5 Hal Ini Membuat Anak Malas Terbuka pada Orang tua

Kids

fiaindriokusumo・10 Mar 2021

detail-thumb

Bagaimana bisa membuat anak mau terbuka dan jujur, kalau kita terus melakukan 5 kesalahan berikut ini yang membuat anak malas bercerita dan terbuka.

Salah satu hal yang selalu saya inginkan dari dulu setelah memiliki anak adalah, saya bisa menjalin komunikasi yang baik, terbuka dengan anak-anak. Saya bisa menjadi orang yang dipercaya oleh mereka. Sayalah yang akan mereka cari ketika mereka ada masalah atau butuh teman curhat. Puji Tuhan, saat ini bisa dibilang anak-anak cukup terbuka dengan saya. Mulai dari urusan taksir-taksir lawan jenis, urusan sekolah, sampai curhat masalah sepele. Saya bersyukur banget untuk hal itu, karena faktanya tidak semua orang tua seberuntung saya.

Berdasarkan pengalaman dan juga informasi dari dr Jiemi Ardian, Psikiater di RS Siloam Bogor, ada lima hal yang pada akhirnya membuat anak merasa enggan dan malas untuk terbuka dan bercerita pada orang tuanya. Ini membuat anak memilih menyimpan sendiri atau menceritakan ke orang lain. Apa saja lima hal tersebut?

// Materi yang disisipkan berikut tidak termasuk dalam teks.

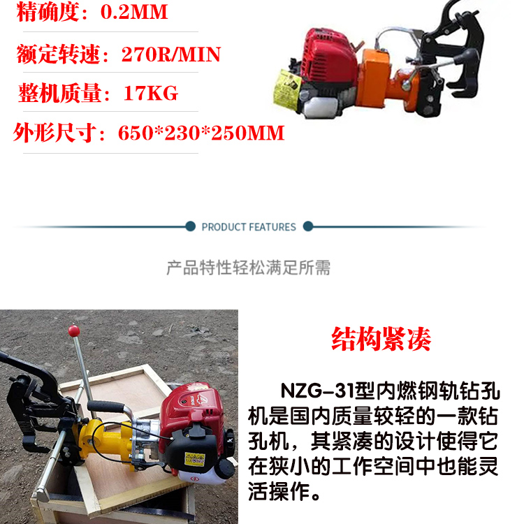 内燃钢轨钻孔机 铁路打孔机 汽油空心冲孔机 重量轻体积小 操作方便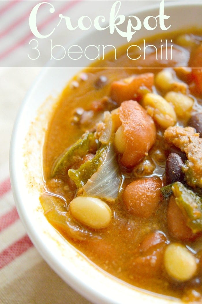 3 bean chili crockpot recipe everyone in your family will love! You only need a few ingredients and you can make it a 4 bean chili too!

Diambil dari instagram dokter Jiemi di sini berikut 5 hal yang membuat anak akhirnya berhenti bercerita:

  • Abaikan cerita yang anak sampaikan
  • Kesibukan  seringkali membuat kita mengabaikan anak ketika mereka bercerita. Mendengarkan sambil lalu (atau bahkan tidak mendengarkan sama sekali) kemudian memberikan respon, hah, heh, hah, heh bahkan nggak sadar ketika anak sudah selesai bercerita. Anak akan merasa dia tidak didengar dan diabaikan. Berikutnya? Tentu saja anak malas untuk bercerita, karena merasa tidak ada gunanya.

    2. Tidak menganggap penting cerita yang anak sampaikan

    Pahami bahwa skala penting bagi kita orang tua, dan bagi anak itu bisa berbeda. Cerita sepele menurut kita, bisa jadi merupakan cerita yang sangat penting untuk anak. Yang menurut kita anak bisa menyelesaikan sendiri, namun menurut anak, dia tidak mampu dan butuh saran dari orang tuanya. Ketika kita memberikan respon seperti misalanya "Apaan sih dek, begitu aja kok diceritain," atau "Masa kayak gitu kamu anggap penting sih, buang-buang waktu mama, deh." maka jangan heran kalau anak akan mencari tempat lain untuk berbagi cerita dan mencari solusi.

    3. Membandingkan anak dengan kesuksesan kita dulu kemudian meremehkannya

    "Ya ampun nak, begitu doang aja udah bangga. Mama tuh dulu seumur kamu, udah begini lho ...."

    Mungkin maksudnya membuat anak tidak mudah merasa cepat puas diri, tapi kalimat yang dipilih malah membuat anak merasa tidak dihargai untuk usahanya dan merasa diremehkan serta dibandingkan. Kita aja nggak mau kan dibandingkan dengan kakak atau adik kita, maka hal yang sama juga berlaku pada anak. Jangan mematikan semangat anak, hargai setiap usaha kecil yang dia lakukan.

    4. Menolak dan memarahi anak ketika butuh bantuan psikolog atau psikiater

    Anak-anak sekarang memang sudah lebih kritis dan paham mengenai mental health issue. Inilah yang membuat anak sekarang tidak ragu memutuskan untuk pergi ke psikolog. Maka, ketika anak datang dengan beban atau masalah yang dia hadapi dan merasa butuh bantuan ahli, jangan memarahinya dan menganggap dia berlebihan. Lalu memutuskan cukup cerita ke mama maka semua masalah selesai. Kita nggak tahu lho apa yang sebenar-benarnya dia rasakan. Siapa tahu ada hal-hal yang ingin dia ceritakan ke orang lain, tanpa sepengetahuan orang tuanya. Daripada salah memilih orang, lebih baik ke ahlinya langsung kan?

    Baca juga: Daftar Tempat Konsultasi Psikologi di Jabodetabek

    5. Tidak percaya ketika anak mengatakan dia tidak baik-baik saja

    Saat anak sudah mengatakan bahwa dirinya sedang tidak baik-baik saja, itu tandanya memang anak sedang tidak baik. Dengarkan dan tanyakan apa yang dia butuhkan. Jangan malah menganggap anak lemah atau cemen. Respon yang salah bisa membuat anak semakin terpuruk secara emosi dan mental.